*What to produce*:
Within the listing that follows, reproduce exactly the lines starting at the line with "Các thanh niên" and ending at the line with "Realizzato in legno", inclusive, and only those. Pictures are dropped.

*Records provided*:

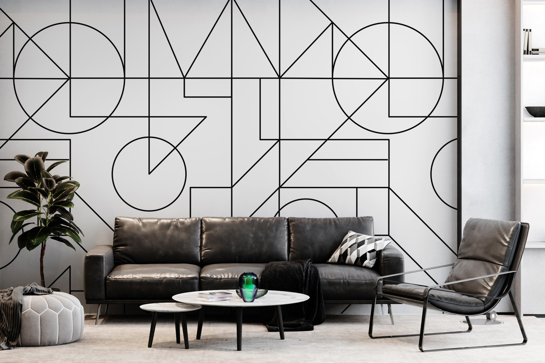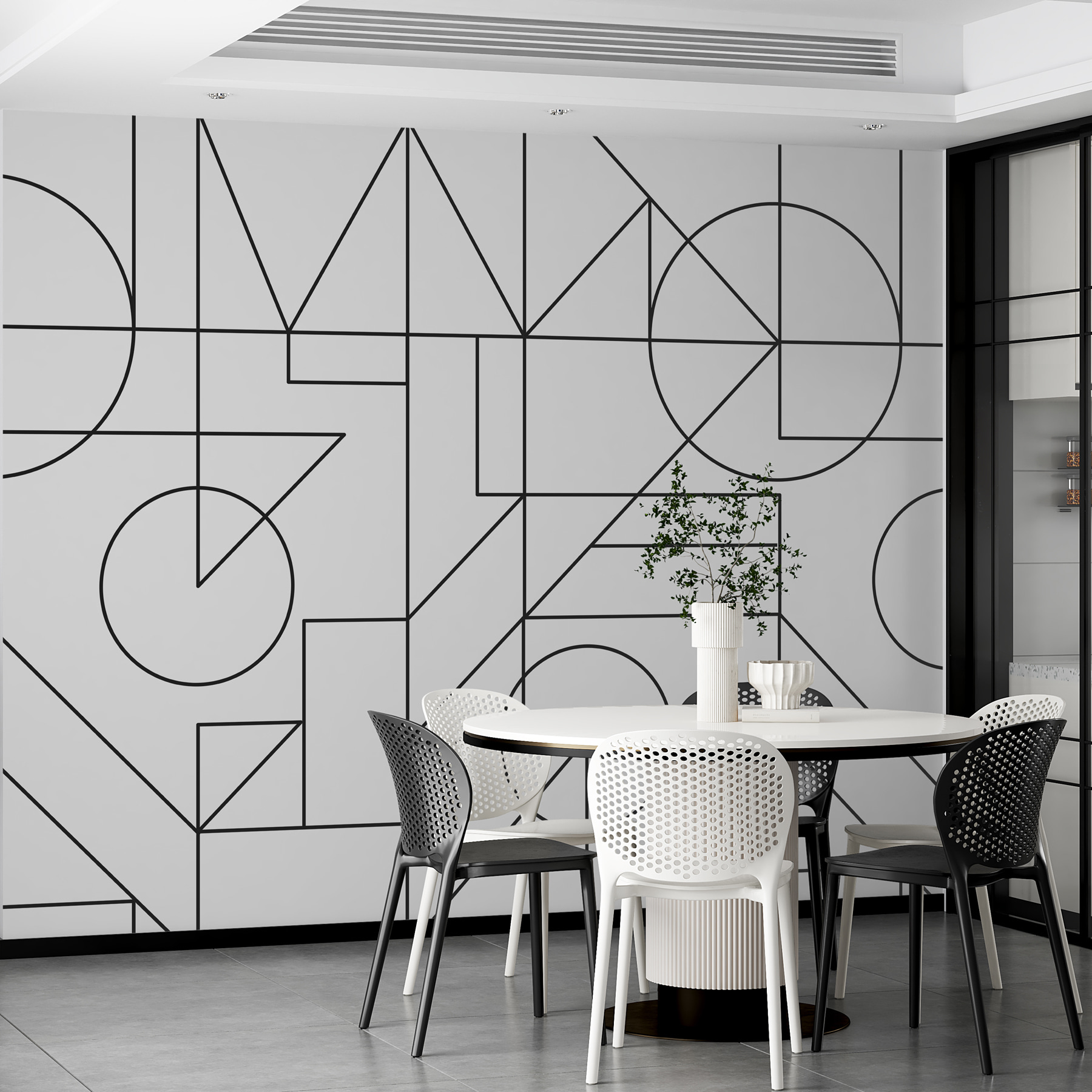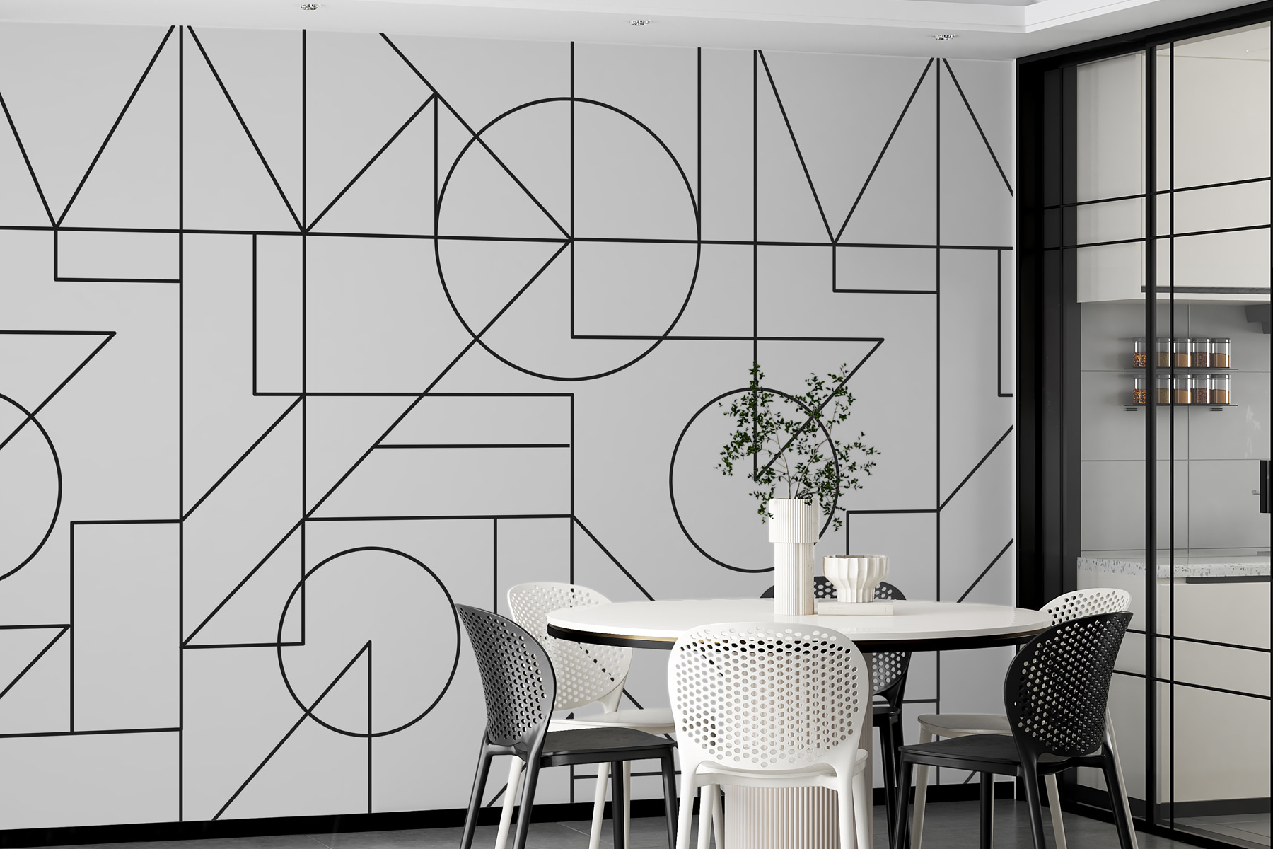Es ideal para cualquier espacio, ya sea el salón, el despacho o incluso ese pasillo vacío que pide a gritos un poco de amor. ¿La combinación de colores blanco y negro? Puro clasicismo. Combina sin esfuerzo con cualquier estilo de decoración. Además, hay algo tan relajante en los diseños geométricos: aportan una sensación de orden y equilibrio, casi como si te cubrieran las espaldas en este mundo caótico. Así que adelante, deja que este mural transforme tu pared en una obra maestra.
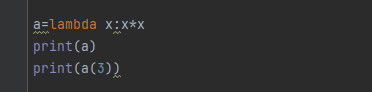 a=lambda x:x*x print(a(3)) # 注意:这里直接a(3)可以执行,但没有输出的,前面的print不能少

...

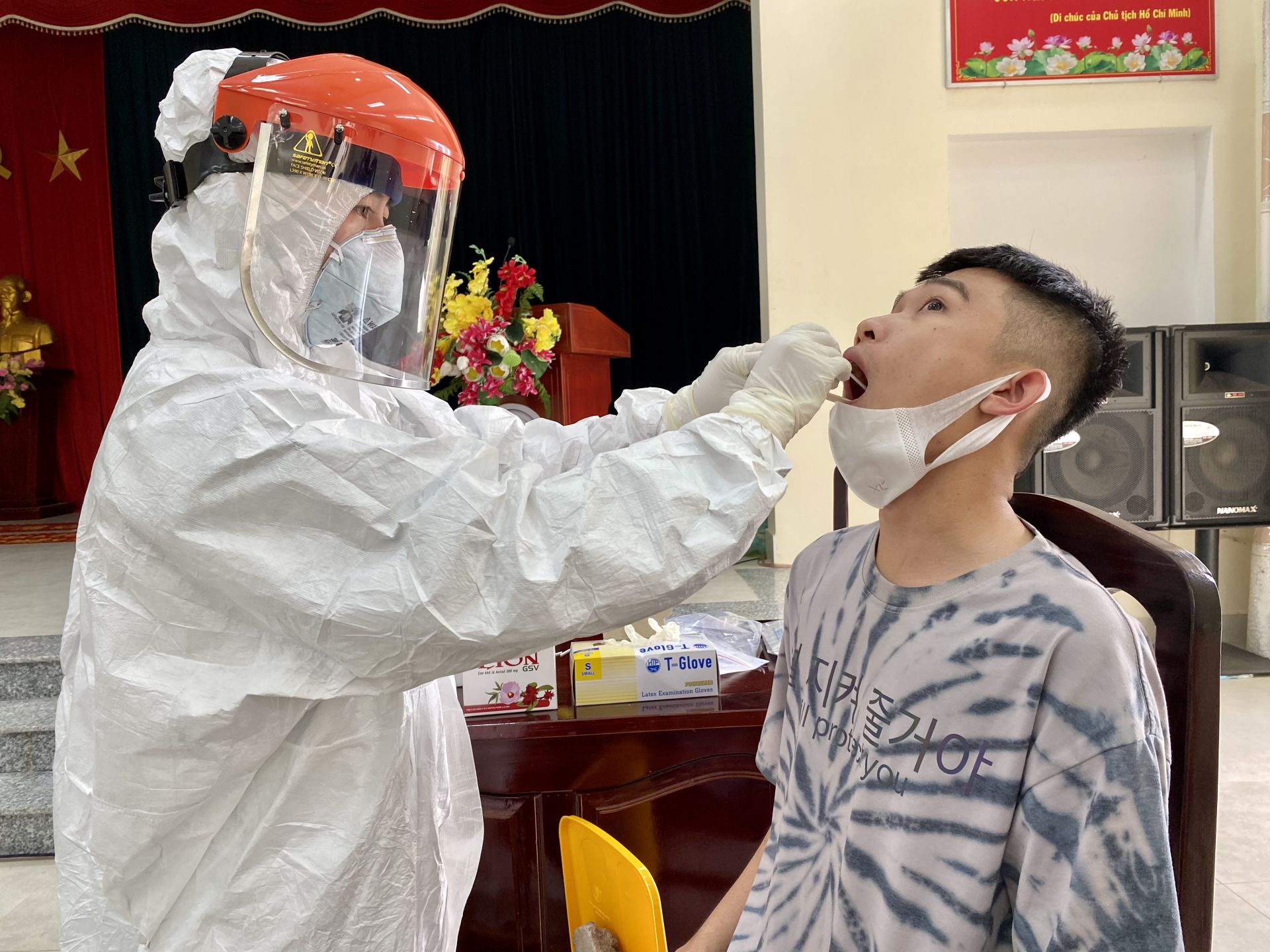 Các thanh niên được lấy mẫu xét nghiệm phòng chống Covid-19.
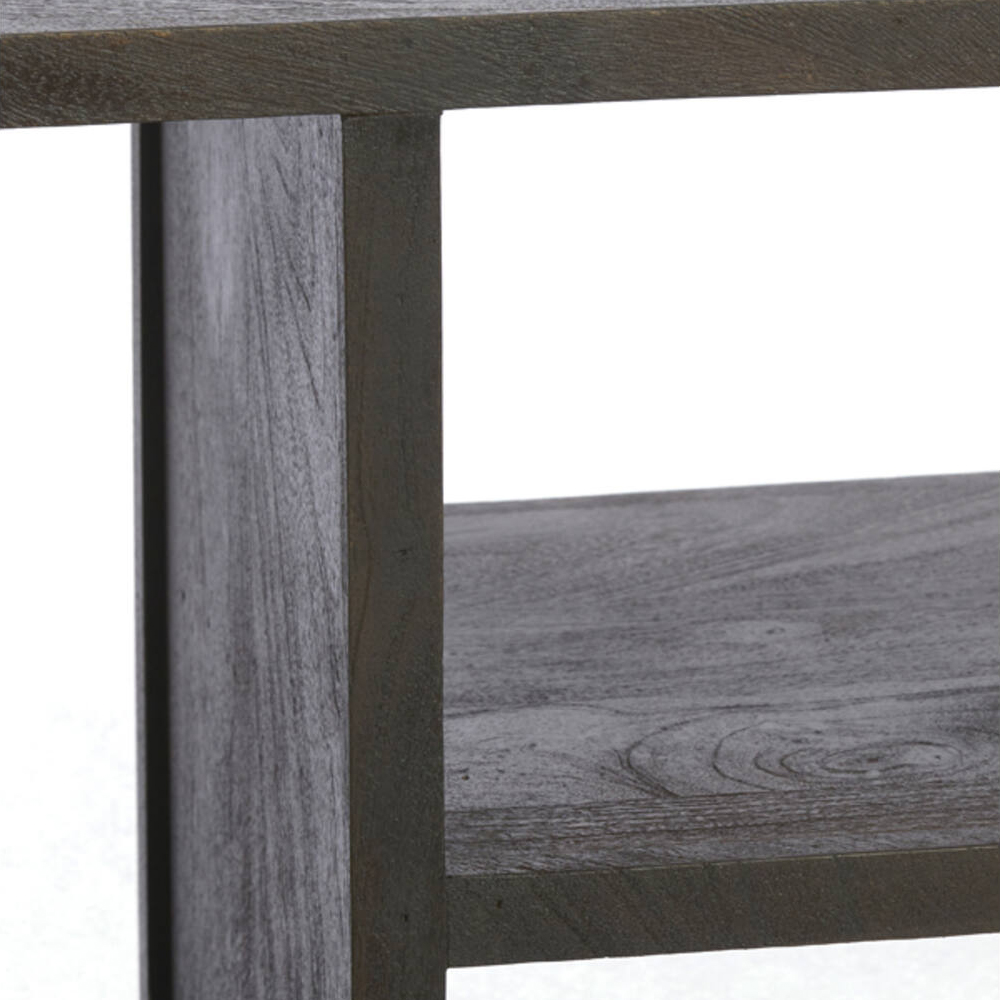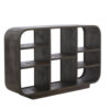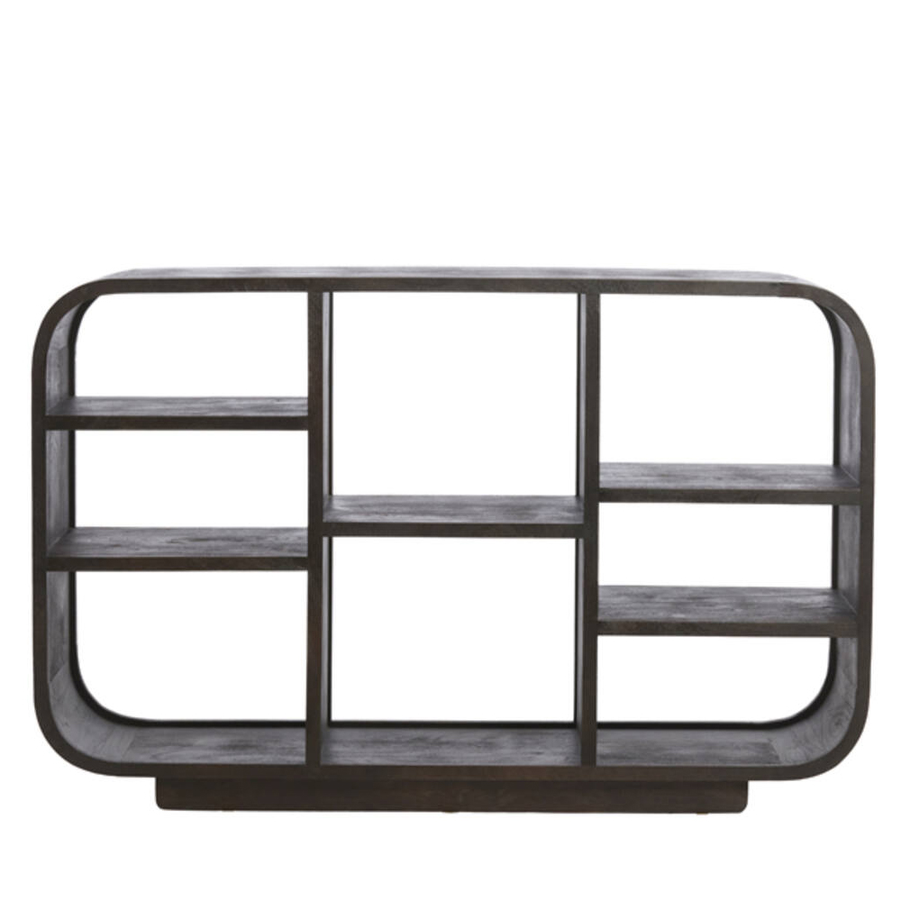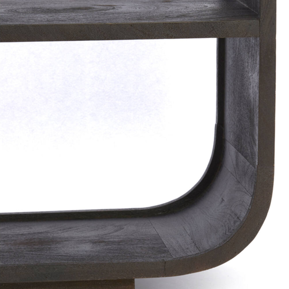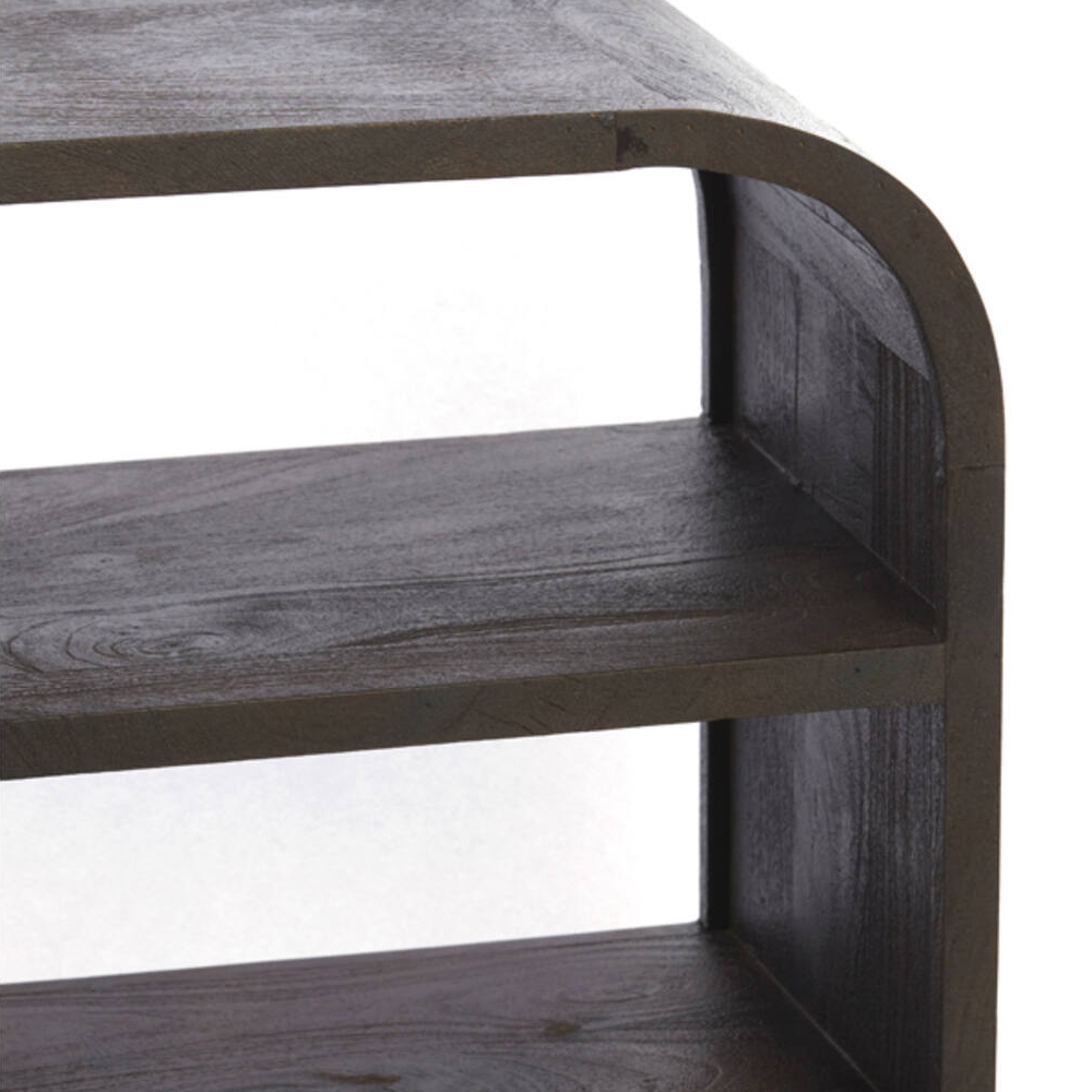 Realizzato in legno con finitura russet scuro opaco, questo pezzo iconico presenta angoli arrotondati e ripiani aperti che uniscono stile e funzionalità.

*Answer to the exercise*:
 Các thanh niên được lấy mẫu xét nghiệm phòng chống Covid-19.
 Realizzato in legno con finitura russet scuro opaco, questo pezzo iconico presenta angoli arrotondati e ripiani aperti che uniscono stile e funzionalità.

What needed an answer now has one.